### AIM OF THE EXERCISE:
Drop the pictures; give again exactly the lines from the one holding "BA-CD-II型超短波電療" through the end of the data.

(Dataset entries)
====================
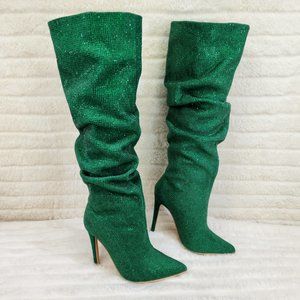 Radiant Emerald Green Rhinestone High Heel Slouch Knee High Boots
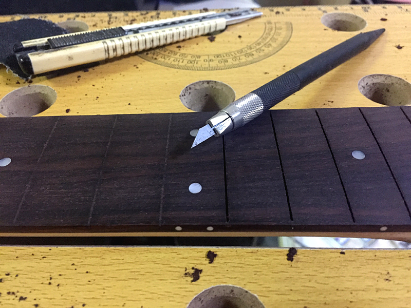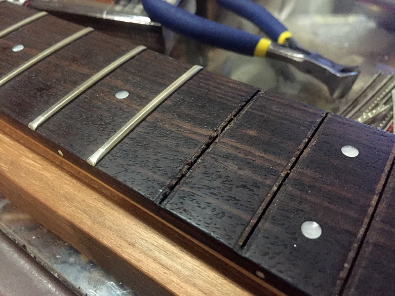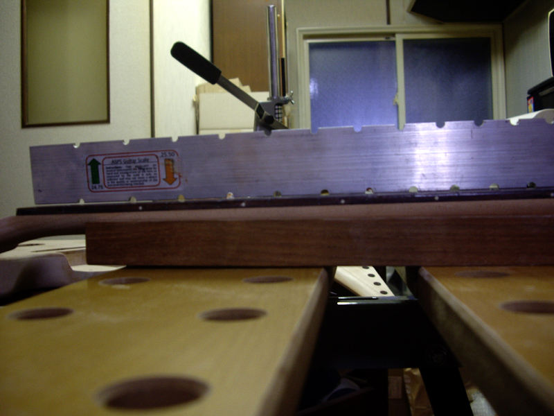 薄刃のノコギリ(フレットソーよりも更に薄いヤツ)を使って、フレット溝をさらってやったりもします。
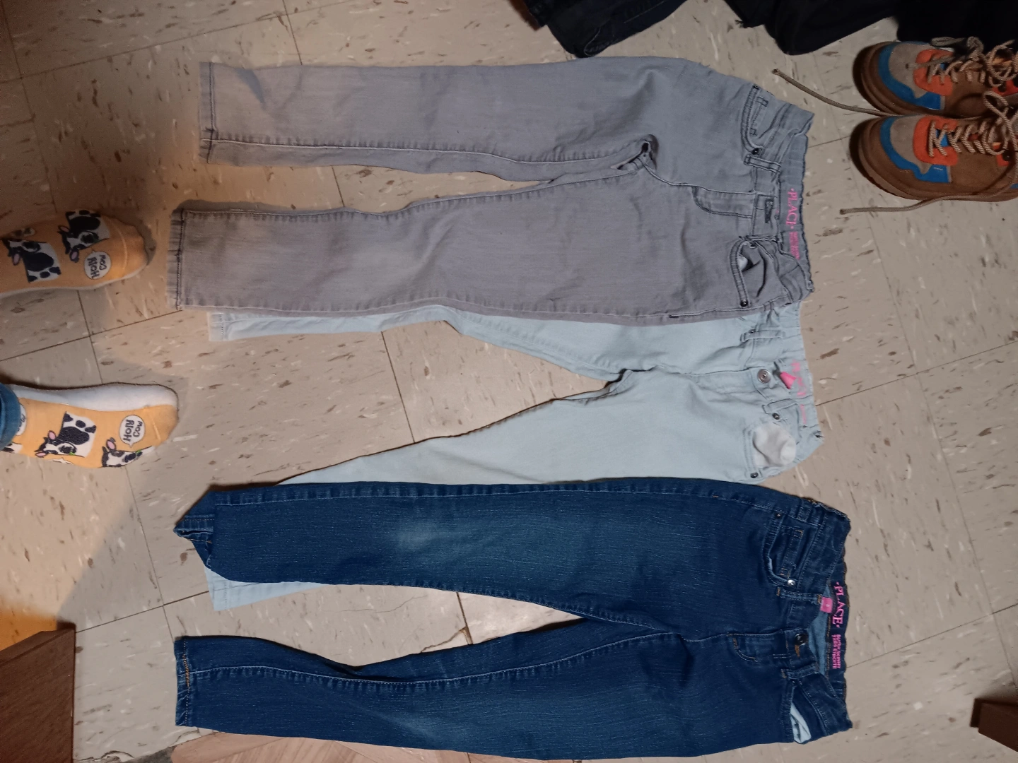 Three pairs of girls jeans. Grey, light blue, and dark wash denim. Good condition.
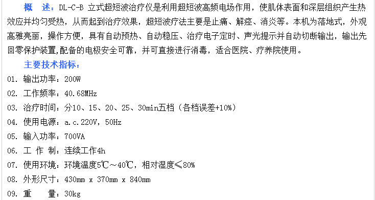 BA-CD-II型超短波電療機,在功能上對比傳統的超短波電療機進行了多項改進。該產品將輸出的高頻電場作用于人體病灶部位,通過超短波高頻電磁振蕩效應、熱效應和非熱效應,對腦、脊髓的各種炎癥性消炎;使深度內臟血管擴張;促進胃腸分泌和吸收,解除胃腸痙攣;解除腎血管痙攣,有顯著的利尿作用;促進肉芽組織和結蒂組織再生;對消除炎癥有良好的作用,特別是可以使用本產品的脈沖功能,治療急性化膿性炎癥。
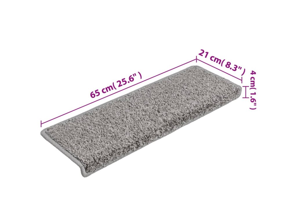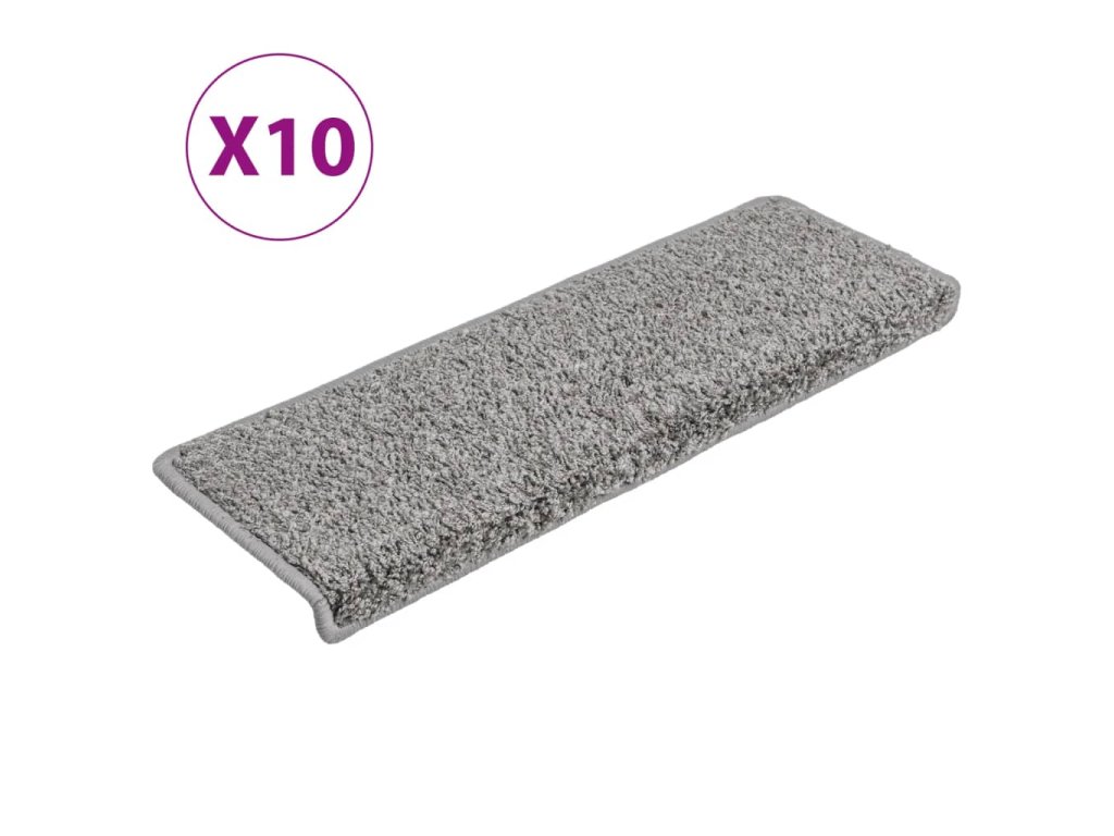 Schodové rohože 10 ks 65 x 21 x 4 cm šedé s obdélníkovým okrajem 149815
====================
### COMPLETED TASK:
 BA-CD-II型超短波電療機,在功能上對比傳統的超短波電療機進行了多項改進。該產品將輸出的高頻電場作用于人體病灶部位,通過超短波高頻電磁振蕩效應、熱效應和非熱效應,對腦、脊髓的各種炎癥性消炎;使深度內臟血管擴張;促進胃腸分泌和吸收,解除胃腸痙攣;解除腎血管痙攣,有顯著的利尿作用;促進肉芽組織和結蒂組織再生;對消除炎癥有良好的作用,特別是可以使用本產品的脈沖功能,治療急性化膿性炎癥。
 Schodové rohože 10 ks 65 x 21 x 4 cm šedé s obdélníkovým okrajem 149815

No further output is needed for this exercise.